The biogeography of plant function is a foundation of plant ecology. Taking the functional traits into account in biogeographical research is likely to provide insights into predicting the biogeographical patterns of ecosystem functioning and to decipher which environmental variables affect different aspects of ecosystem functioning across space (Swenson et al., 2011; Liu et al., 2019). With the development of functional biogeography, there are more and more studies on the geographical patterns of functional diversity. For instance, most studies at forest communities revealed that the functional composition decreased from lower latitudes/elevations to higher latitudes/elevations due to the decreased temperature (Apaza-Quevedo et al., 2015; Wieczynski et al., 2019). However, previous studies on the biogeographical variations of plant functional traits considered only latitudinal or elevational gradients, few studies have been done to test variations of functional diversity along multiple gradients simultaneously. Although the latitudinal gradients and elevational gradients are often considered to be parallel in many studies (Chun and Lee, 2018), increased rather than decreased trends of functional diversity with elevation were found in other studies on low or middle altitude mountains (Zhang et al., 2017). Therefore, it is still necessary to study the variations of functional diversity along different geographical gradients.
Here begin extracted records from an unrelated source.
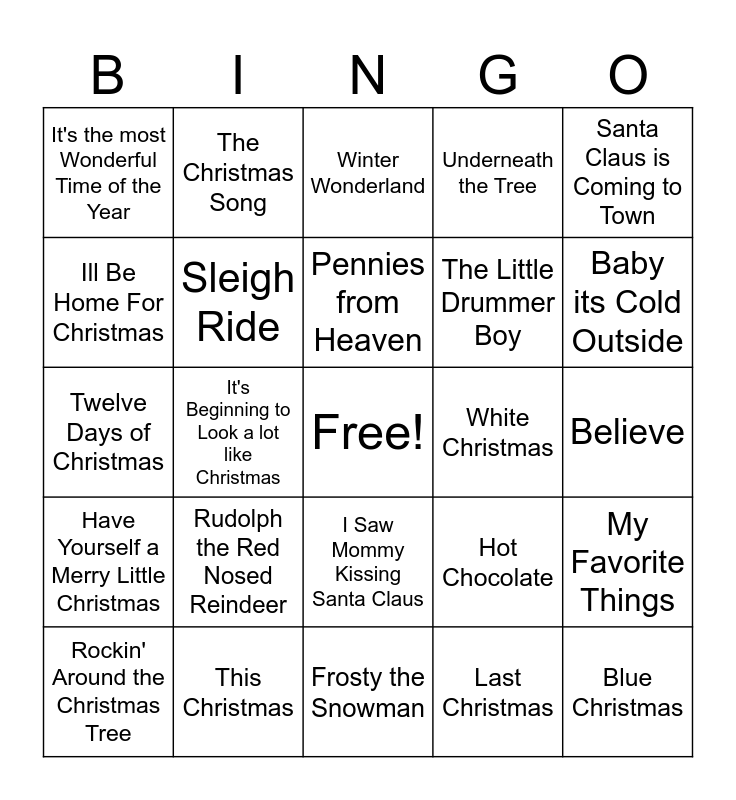 This bingo card has a free space and 29 words: Rockin' Around the Christmas Tree, Let it Snow, Let it Snow, Let it Snow, It's Beginning to Look a lot like Christmas, Jingle Bell Rock, It's the most Wonderful Time of the Year, Winter Wonderland, Sleigh Ride, Rudolph the Red Nosed Reindeer, White Christmas, This Christmas, Believe, Blue Christmas, Frosty the Snowman, Last Christmas, Baby its Cold Outside, Carol of the Bells, I Saw Mommy Kissing Santa Claus, Have Yourself a Merry Little Christmas, Santa Claus is Coming to Town, Twelve Days of Christmas, Hot Chocolate, Silent Night, The Little Drummer Boy, Ill Be Home For Christmas, Underneath the Tree, The Christmas Song, My Favorite Things, Pennies from Heaven and River.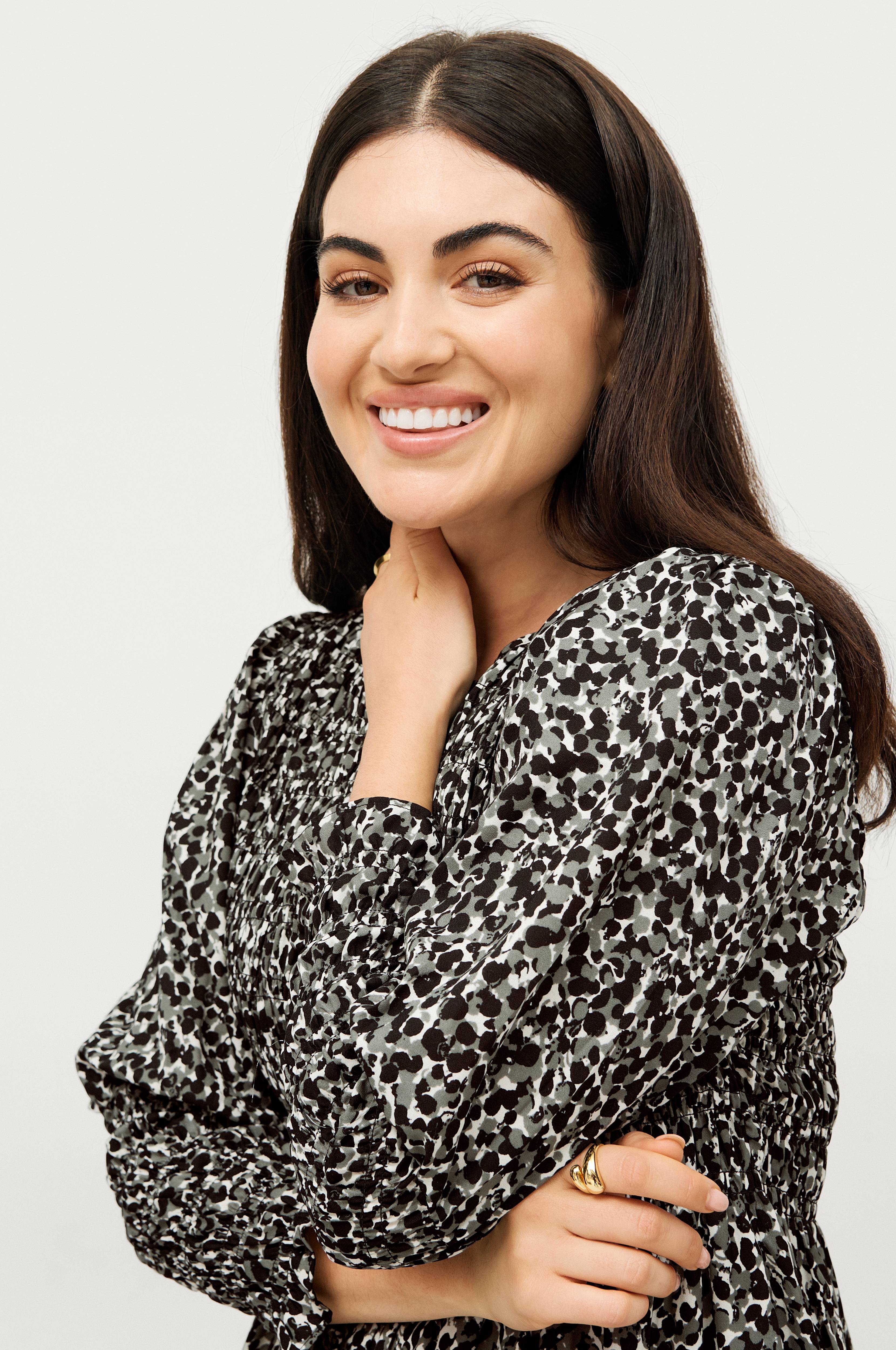 • Midiklänning• Smock upptill• Rund hals med sprund och knapp bak• Långa puffärmar med lång, smockad mudd• Längd: 110 cm i storlek 46/48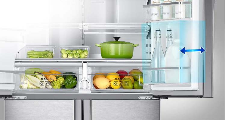 Holds larger itemsAn Easy Big Door Bin lets you safely store larger items inside the door. It can handle bulky cartons of milk and juice and two rows of drinks cans and bottles. So it frees up shelf space and is great for parties!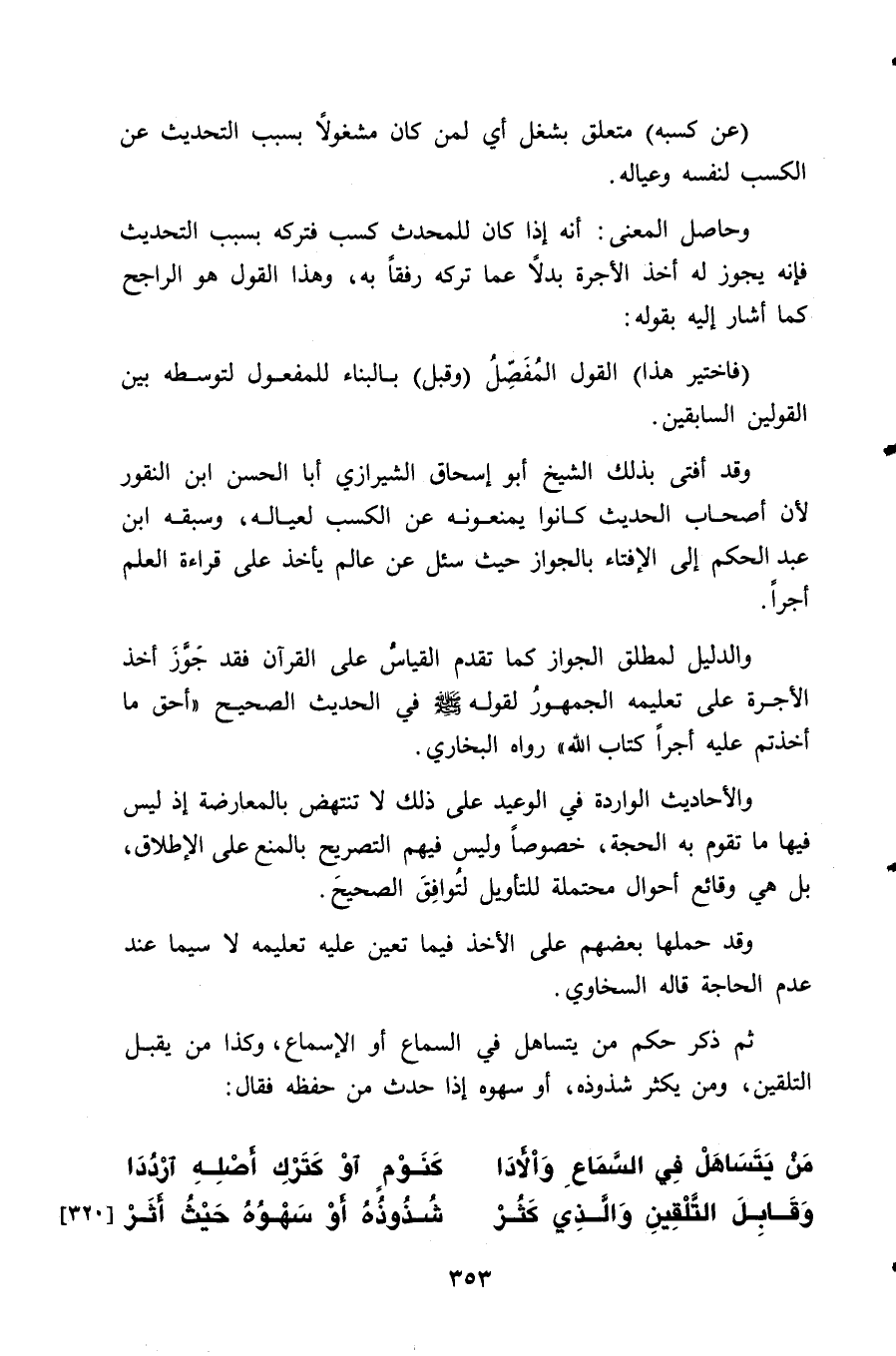 وحاصل المعنى: أنه إذا كان للمحدث كسب فتركه بسبب التحديث فإنه يجوز له أخذ الأجرة بدلاً عما تركه رفقاً به، وهذا القول هو الراجح كما أشار إليه بقوله:
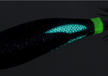 腹部にイカから見やすい発光色「490グロー」のバイトマーカーを搭載。なお、腹部に設置されているのはオモリグは下から上に誘い上げる釣りのため、下から追尾するイカに見えやすい位置に…という理由から。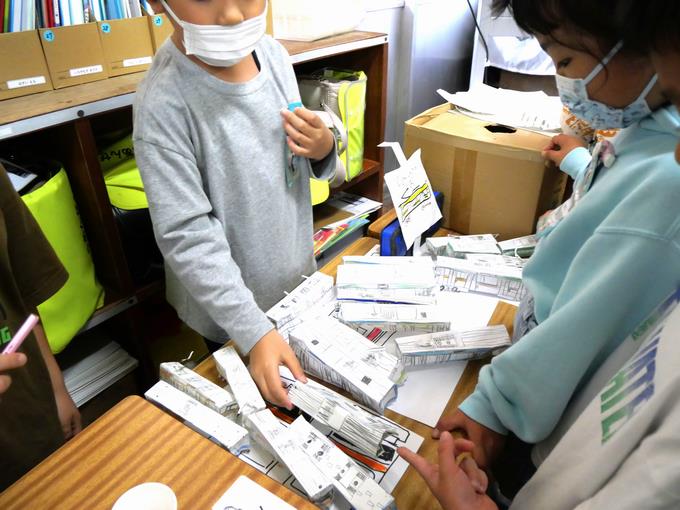 今日10月30日は、本来なら「ハッピー峰っ子フェス2025」を実施する予定でしたが、感染症の流行により実施が延期となりました。それでも「ハッピー峰っ子フェス2025」用に準備していた「峰台オリジナル瓦せんべい」だけは、本日、峰っ子みんなに配付しました。12時55分、各クラスの代表が校長室前に集まってきました。代表の峰っ子たちは、校長室に入るとクラス名と自分の名前をしっかりと言ってくれました。そして、瓦せんべいを受け取るとどの子もニコニコ。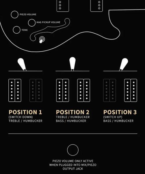- Blend magnetic pickups / piezo (or piezo volume if piezo through dedicated output)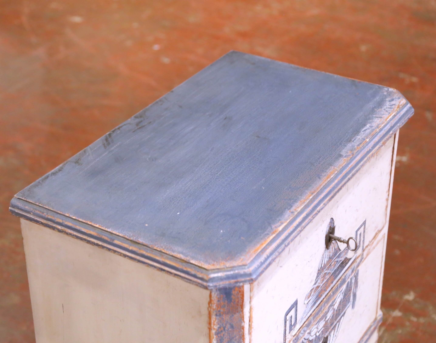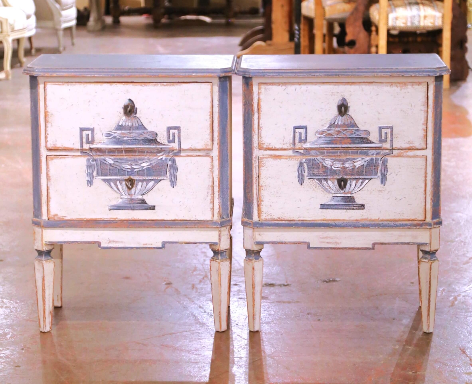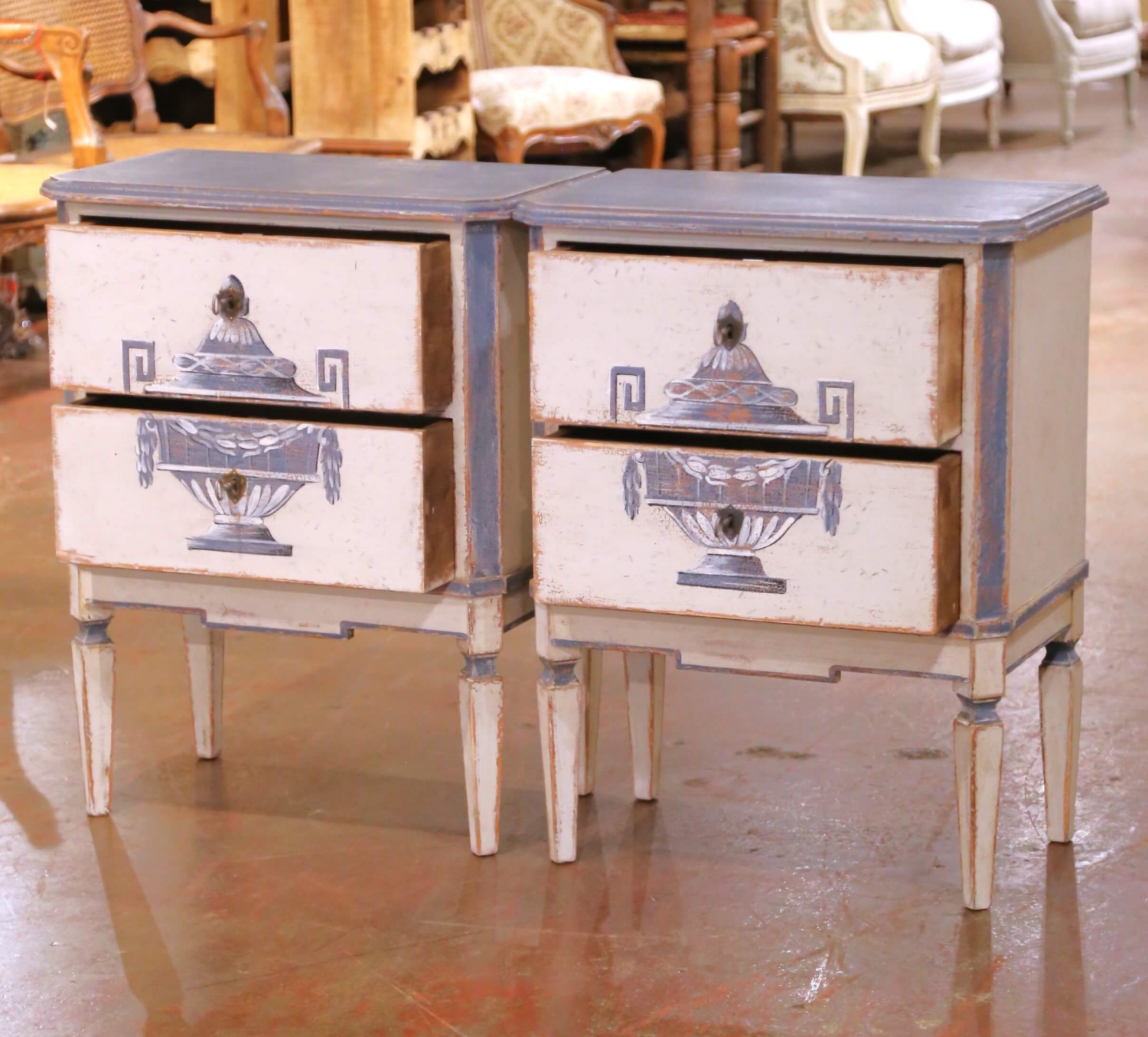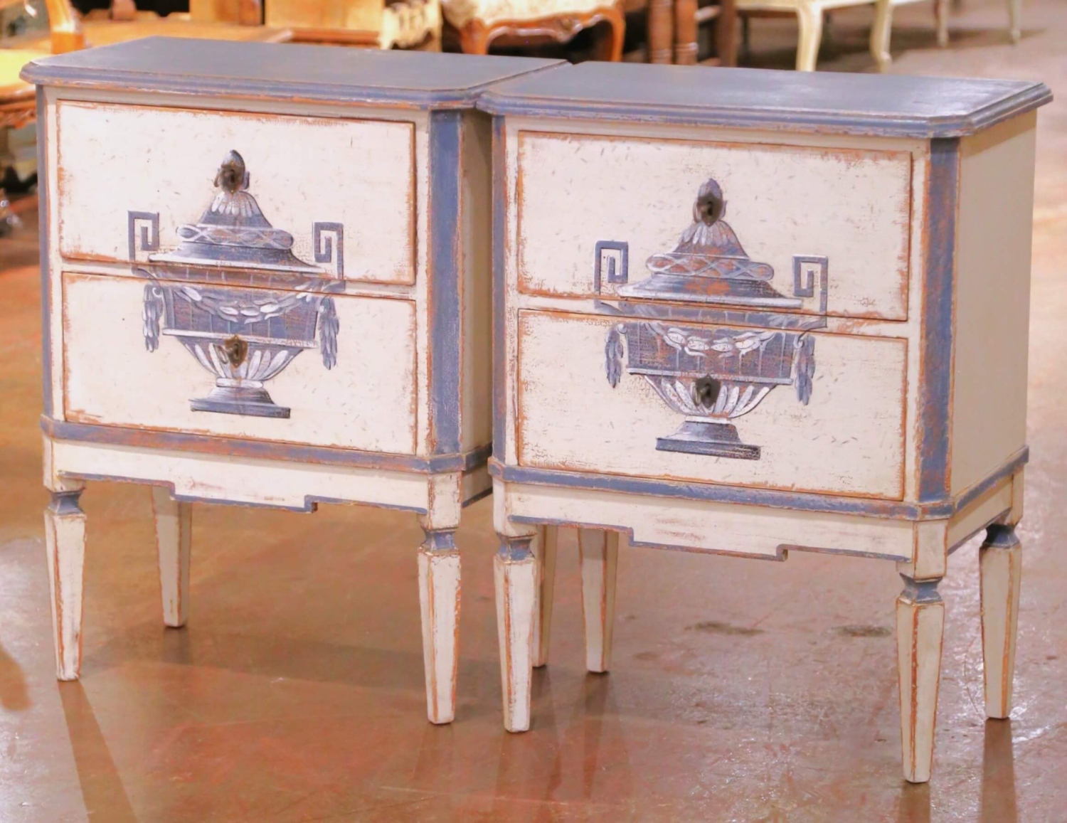 Pair of 19th Century French Louis-Philippe painted nightstands or small commodes, crafted in France circa 1890 and built of pine, reflecting the restrained elegance of Louis-Philippe domestic furniture. Each antique cabinet features a clean, rectilinear case raised on square tapered legs and fitted with two drawers. The drawer fronts are hand-painted with classical urn motifs and Greek key accents, a neoclassical decorative reference interpreted in a provincial Louis-Philippe manner. The surfaces retain a softly distressed cream ground with blue-grey accents and rubbed edges, revealing a desirable aged patina throughout. The tops are finished in a complementary blue-grey tone with chamfered corners, and the drawers are fitted with original iron ring pulls. Solid pine construction is evident to the interiors and backs, consistent with 19th-century French craftsmanship. These antique French cabinets are in excellent condition commensurate with age and use, with attractive wear that enhances their character without affecting function. Ideal as bedside tables, end tables, or small accent commodes, they bring understated French elegance to a bedroom or living space. Dimensions (each): 23.5″W x 14″D x 30.5″H

Geographical variation of plant functional traits is closely related to the current environment. The environmental filtering hypothesis proposed that the abiotic factors acted as “filters” to select species to adapt to local conditions from the regional pool according to sets of functional traits (Le Bagousse-Pinguet et al., 2017). Regional environmental factor (e.g., climate) was demonstrated as the most important factor in shaping the geographical pattern of dominant trait values at a large scale (Zhou et al., 2013; Shiono et al., 2015), while local conditions (soil and topography) more strongly affect the trait dissimilarity (Bello et al., 2013). Many previous studies showed that climate predominantly determined functional diversity. For instance, seasonal climate could affect the growth length of plants and is considered to be a key factor reducing the variance and range of functional traits (Swenson et al., 2012). Wieczynski et al. (2019) found that climate governs functional diversity at a global scale by using an approach based on trait moments. In addition, local conditions are non-negligible. Ecologists found that much of the large variation in functional traits occurring in any given climate might be explained by local conditions (Reich and Oleksyn, 2004). Therefore, understanding the relative effects of regional and local environmental factors on functional diversity remains an important challenge. Our study considered regional and local factors simultaneously in their effects on plant functional diversity, which may contribute to the accurate prediction of functional trait–environment relationships in a changing future (Shipley et al., 2016).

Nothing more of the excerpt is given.